OpenACC: How to CACHE into GPU shared memory?

Hi,

My code is that of an 26 pt isotropic stencil, I want to pre-fetch some values into GPU shared memory, typically i-1:i+4 and j-1:j+4. I am not able to do this, and get a warning like:

PGF90-W-0155-Compiler failed to translate accelerator region (see -Minfo messages): multiple indices in shared memory dimension (kernel.f90: 416)

or

PGF90-W-0155-Compiler failed to translate accelerator region (see -Minfo messages): unknown shared array size (kernel.f90: 617)

when I suppress a dimension.
My code structure is as follows:

  !$ACC KERNELS                      &
  !$ACC PRESENT(p0,q0,phi,eta,roc2)
  !$ACC LOOP INDEPENDENT
  do k=k0,k1
   !$ACC LOOP INDEPENDENT
   do j=j0,j1
    !$ACC LOOP INDEPENDENT
    do i=i0,i1
     !$ACC CACHE(p0(...),q0(...))

Perhaps this is a bad idea to make the cache construct execute so many times, I want to get some idea as to how it could be used efficiently in my case.

Thank you very much,
Sayan

UPDATE:

This is working when I specify the cache construct as:

!$ACC CACHE(p0(i-1:i+4,j-1:j+4,k-1:k+1), q0(i-1:i+4,j-1:j+4,k-1:k+1))

compilation info:

        423, Cached references to size [(x+5)x6x(y+2)] block of 'q0'
             Cached references to size [(x+5)x6x(y+2)] block of 'p0'

Now I get this warning instead:

PGF90-W-0155-Compiler failed to translate accelerator region (see -Minfo messages): illegal opcode (kernel.f90: 416)

Code structure is the same as above.
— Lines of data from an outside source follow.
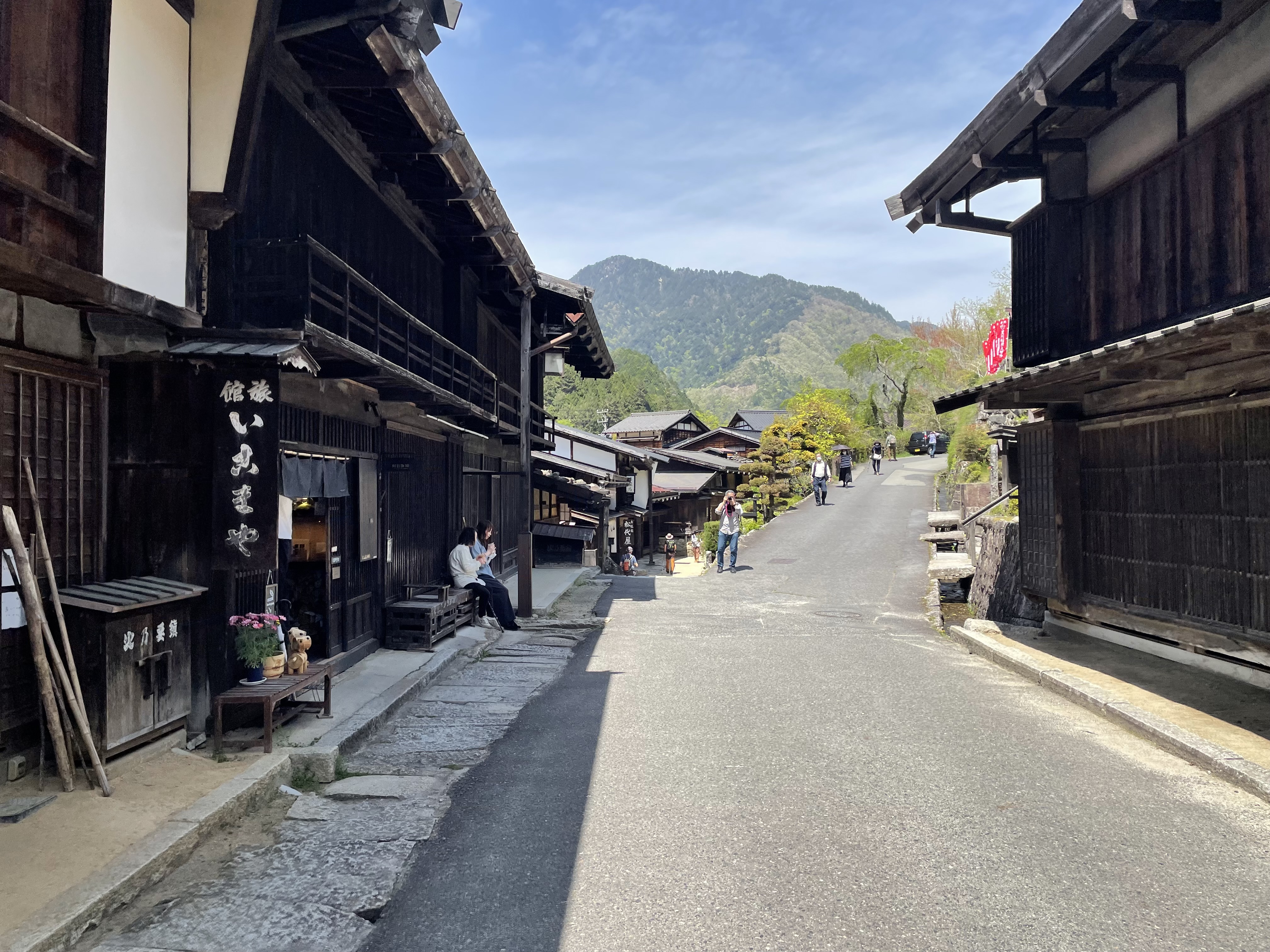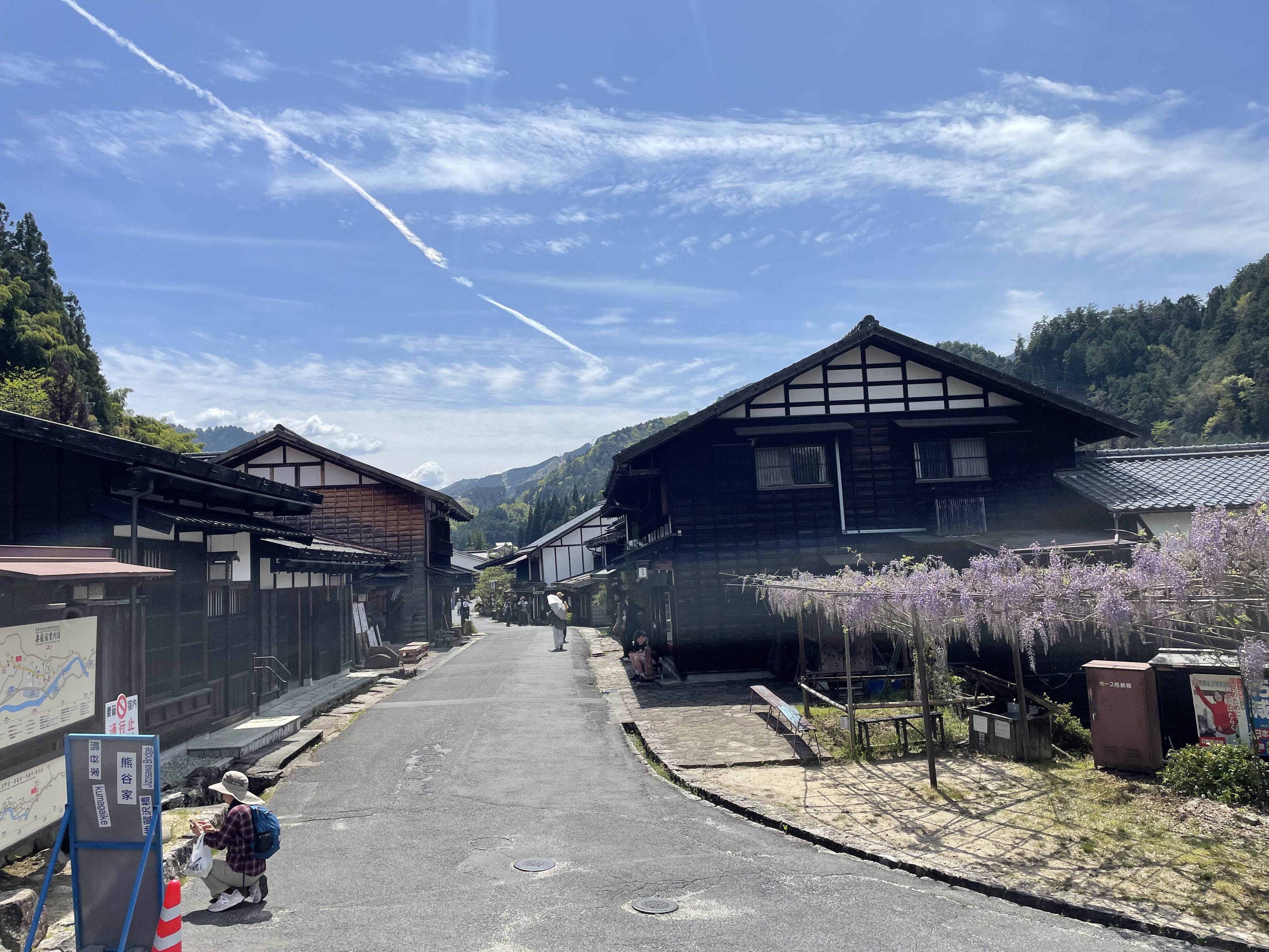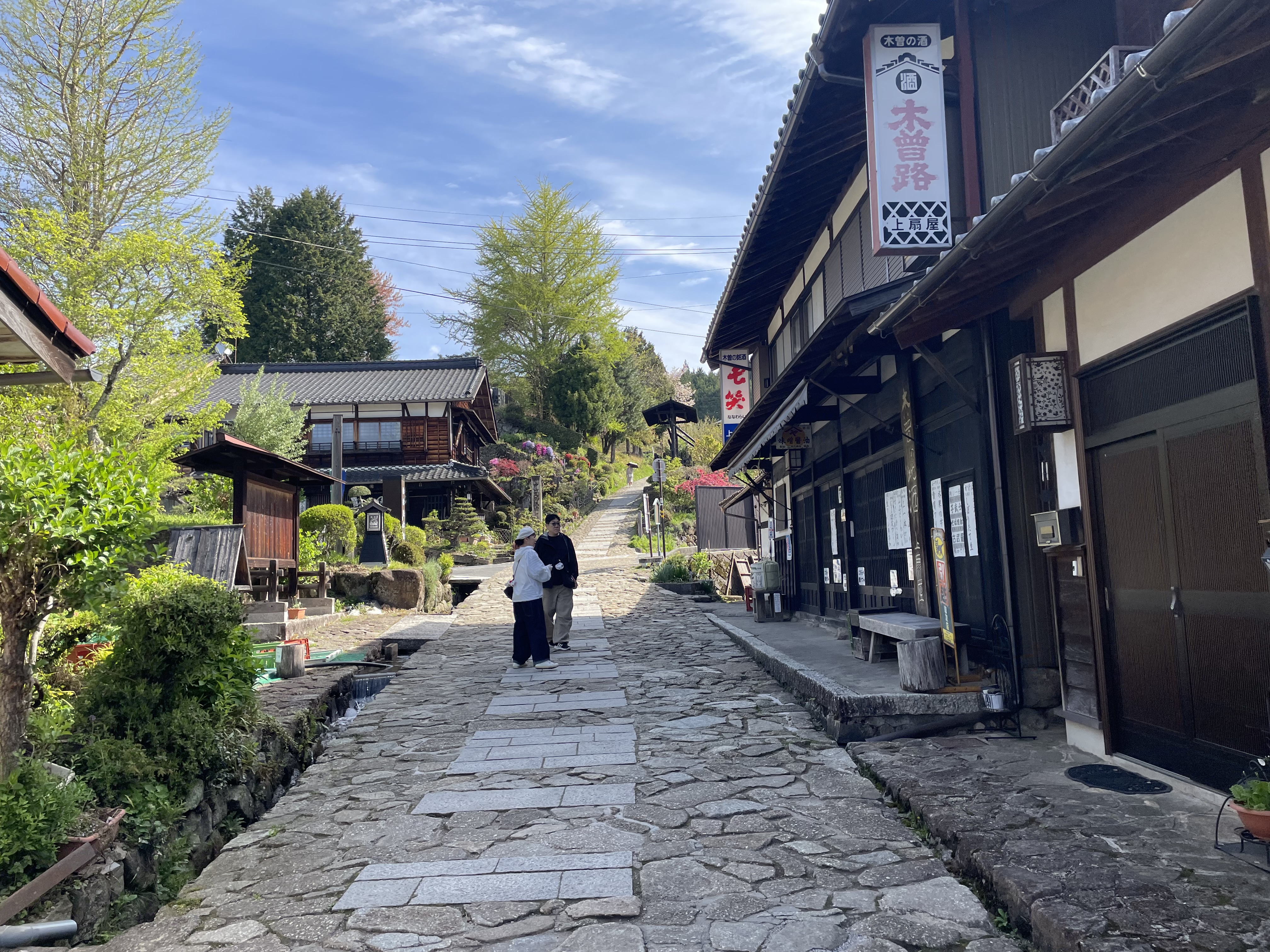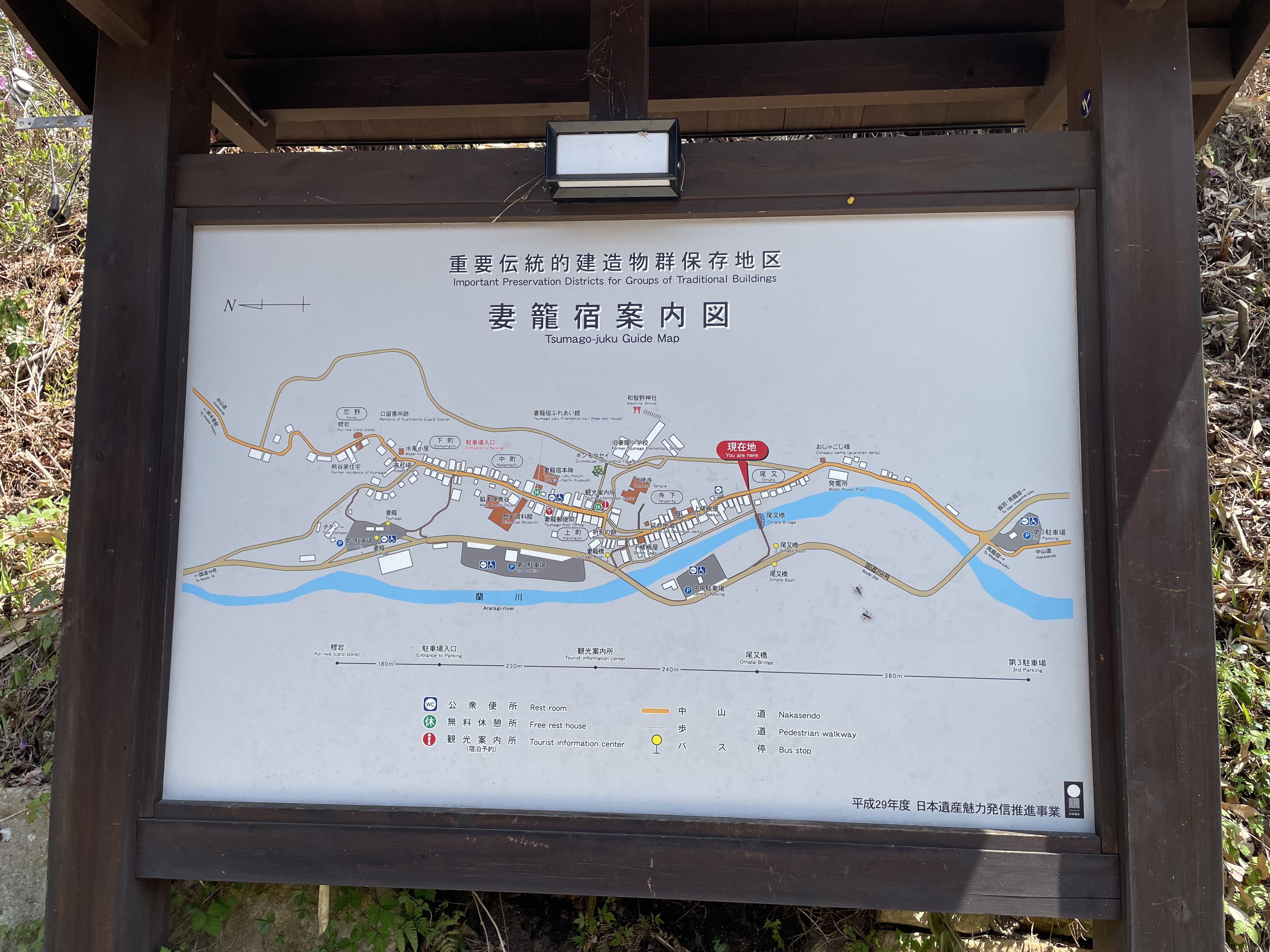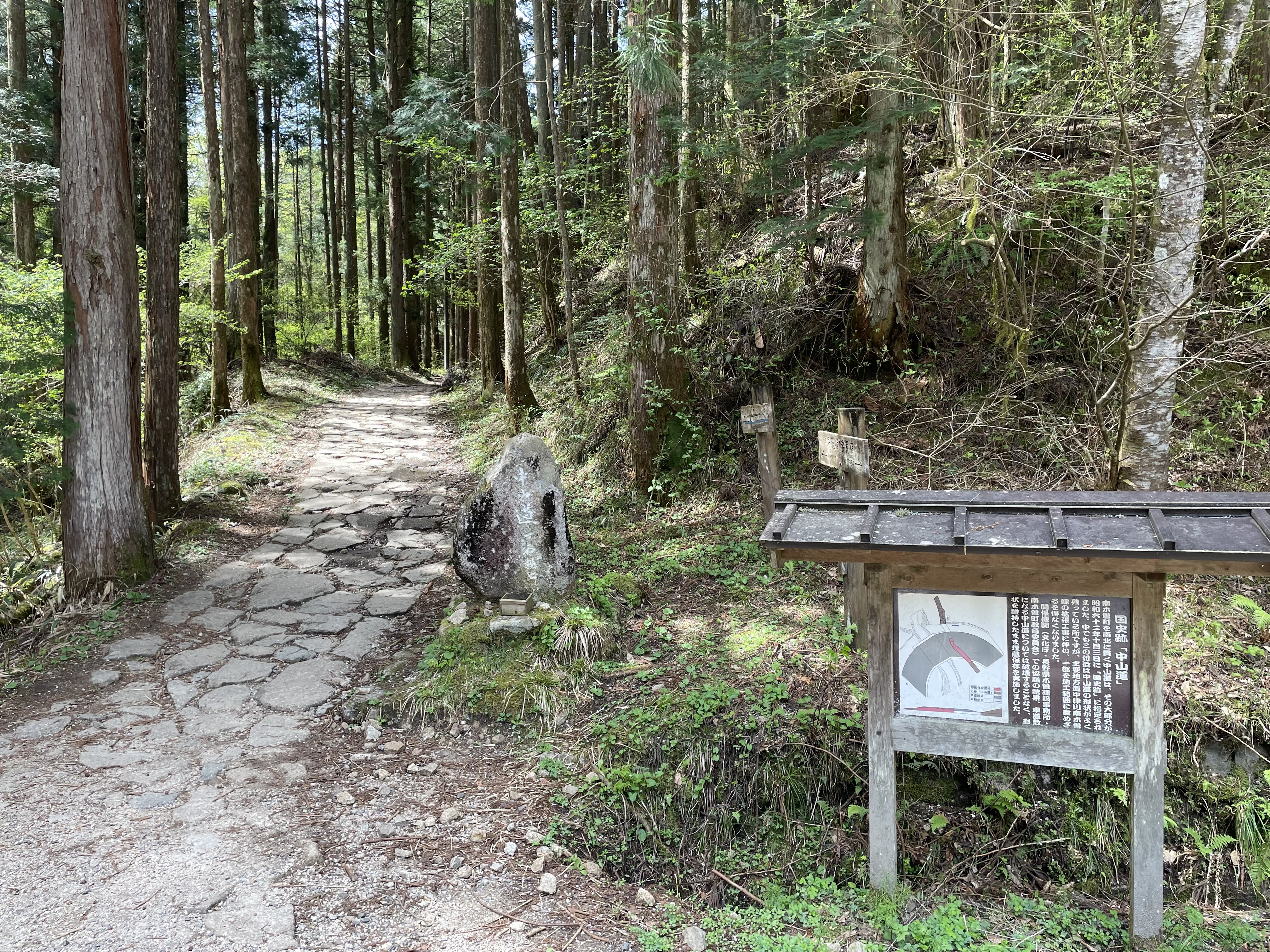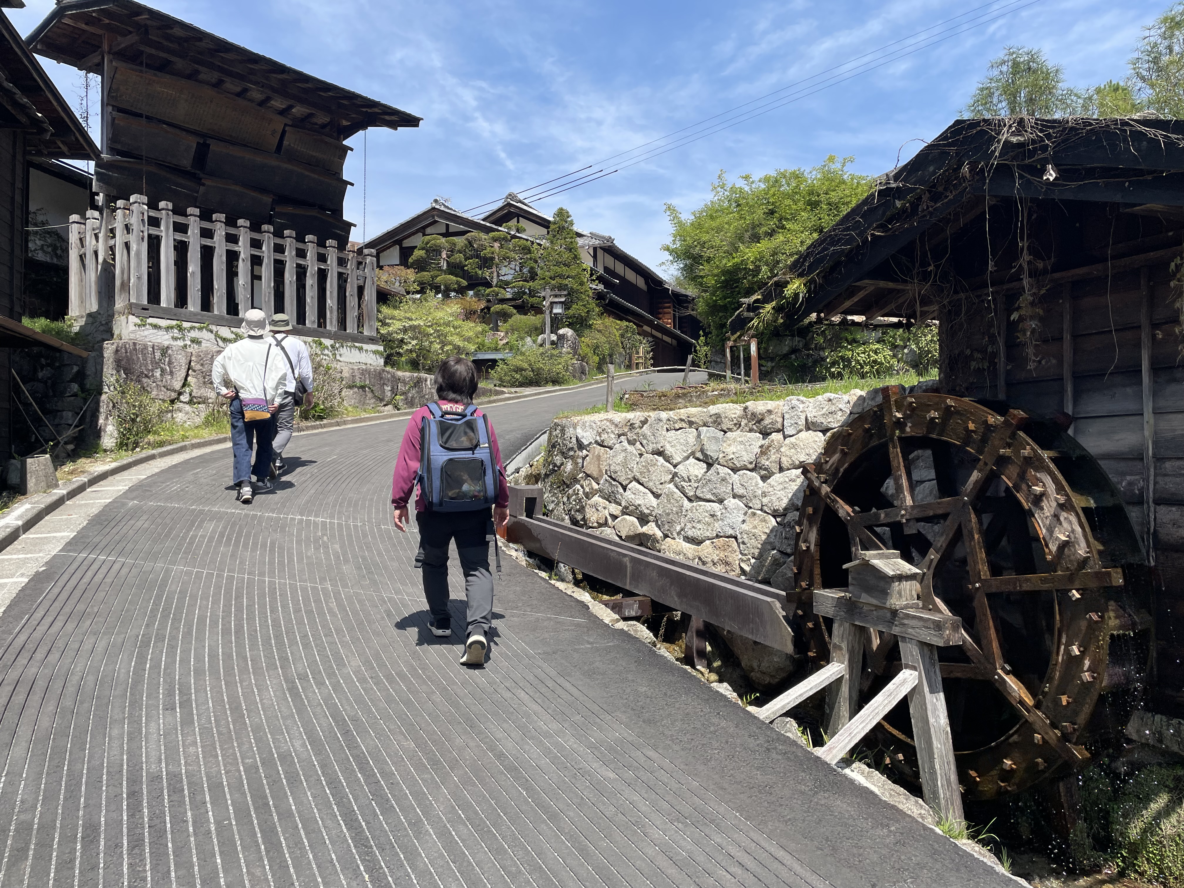 サムライロード(馬籠→妻籠)を犬と行く - Category - ちいさなたび 4月中旬の日曜日。犬も歩けそうなところということで、中山道の馬籠宿から妻籠宿までの通称「サムライロード」を歩いてみた。8時半過ぎに馬籠の駐車場に車を停め、坂道を歩きだす。犬がちょっと疲れたかなと思えば、かごに入れ男滝女滝も寄って、12時44分のバスで馬籠まで戻った。天気も良くて半袖でも暑い陽気。犬も疲れたが俺たちも心地よい一日だった。
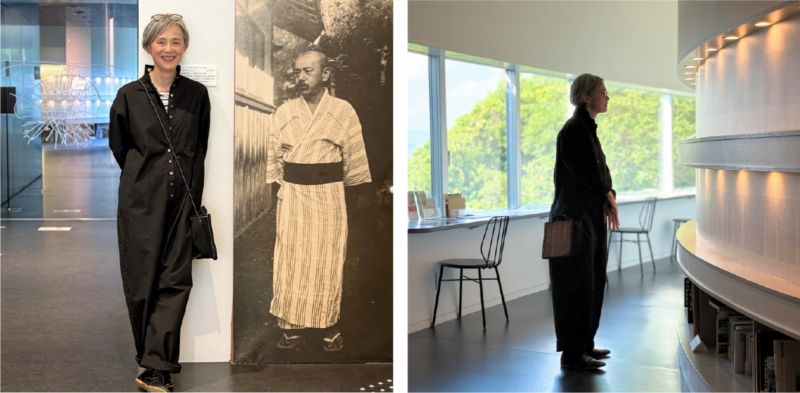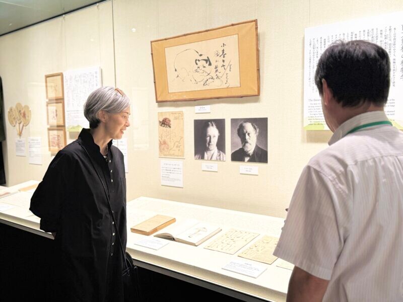 写真右:沙織里さんが眺めているのは、8mに及ぶ熊楠の手紙。内容は、熊楠の履歴書です。熊楠は手紙魔で、生涯を通じて多くの著名人と書簡を交わしています。『遠野物語』などで知られる日本民俗学の父・柳田國男は熊楠を「日本人の可能性の極限」と評しています。
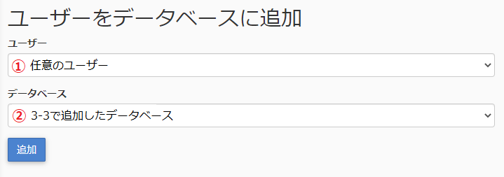 ①:先頭の「(mixhostユーザー名)_」を含めた文字列がデータベースのユーザー名になります。
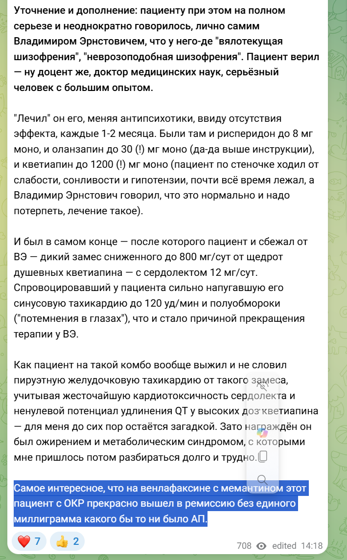 Чо такой тред дохлый? Вылечились все? Помогли тут кому-нибудь антидепрессанты при ОКР? Я тут выше писал, что у меня сыну выписали флувоксамин, сам я очень скептически к этой хуйне отношусь, ну к ад в целом, но чото про него почитал, пишут что действие не в захвате серотонина, а в влиянии на Н1-Н2 рецепторы мелатониновые. Ну кароче разрешил жене их сыну давать, но что это плацебо с побочками мысль не отпускает, с которыми только ухудшу сыну жизнь, тремор ещё какой-нибудь появится.
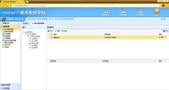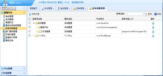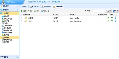 “菜单管理”功能可以新增、编辑、查看菜单详细信息,将菜单的权限分配给单位、部门、角色、用户。
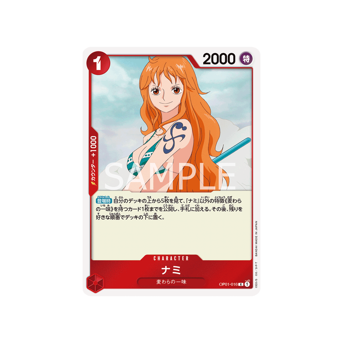 Le Character est une carte indispensable dans tout deck qui se respecte ! Et Nami sera ton allié le plus précieux : de couleur Rouge et avec l'attribut Spécial, il fera des ravages via un coût de 1 'Don!' et sa puissance de 2000 points, ainsi qu'une valeur de contre de 1000!
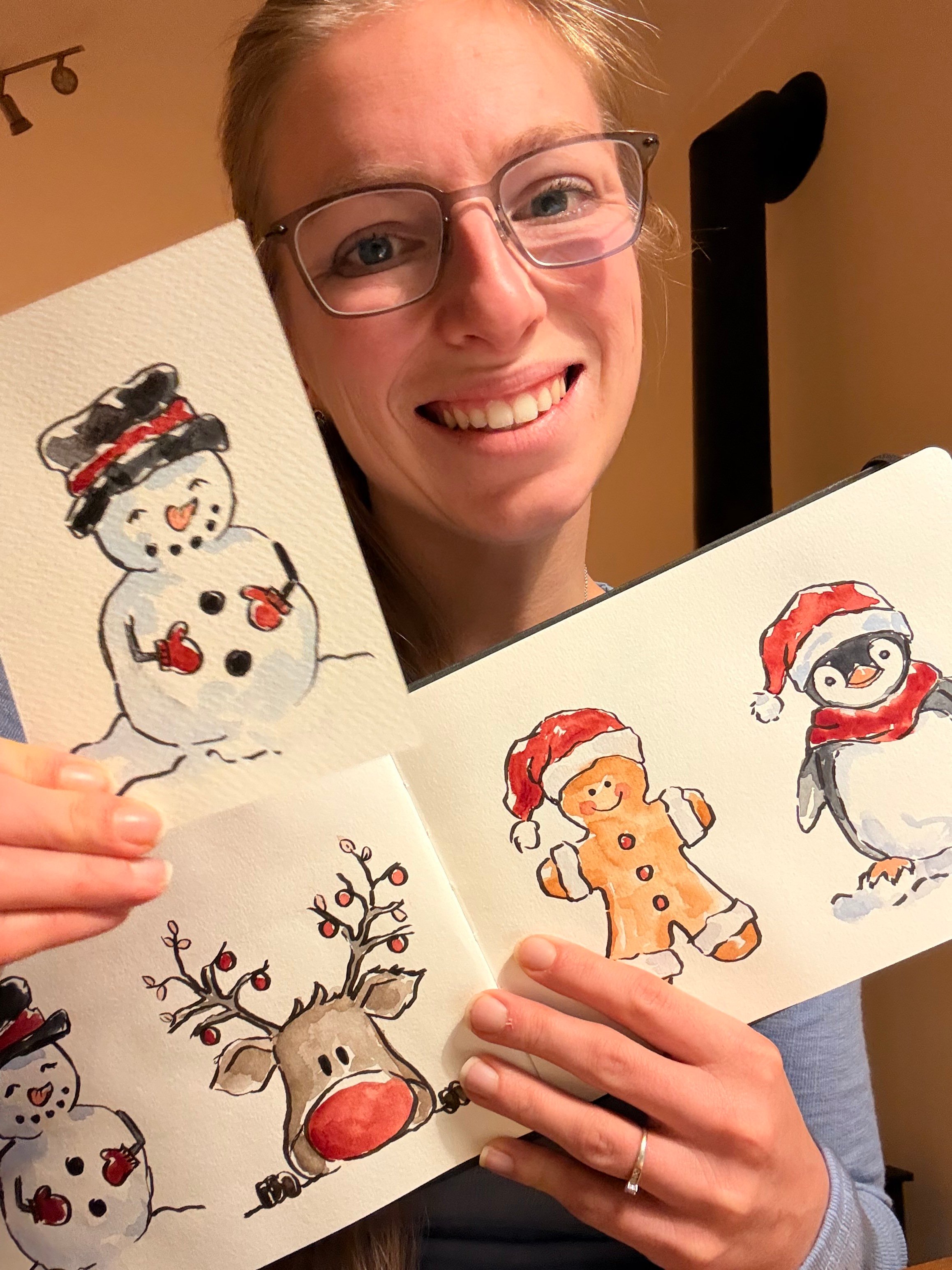 We starten met eenvoudige vormen en lijnen, zodat je meteen zelf mee kunt tekenen en al snel leuke figuurtjes op papier zet. Daarna ontdek je hoe je jouw illustraties kleur geeft en hoe je in korte tijd meerdere kaarten kunt maken. Ideaal als je nét een beetje laat bent met je kerstpost 😉

But the problem is that the code is terribly slow, I would need to change the loop mapping, any ideas welcome.

Hi Sayan,

PGF90-W-0155-Compiler failed to translate accelerator region (see -Minfo messages): illegal opcode (kernel.f90: 416)

This is actually a compiler error but we haven’t had any other reports of it yet. If you can send us a reproducing example that would be great, otherwise, I’ll see if I can. With the cache clause so new unfortunately there’s bound to be problems.

But the problem is that the code is terribly slow,

The error above is most likely preventing the kernel from being generated so could be the cause.

  • Mat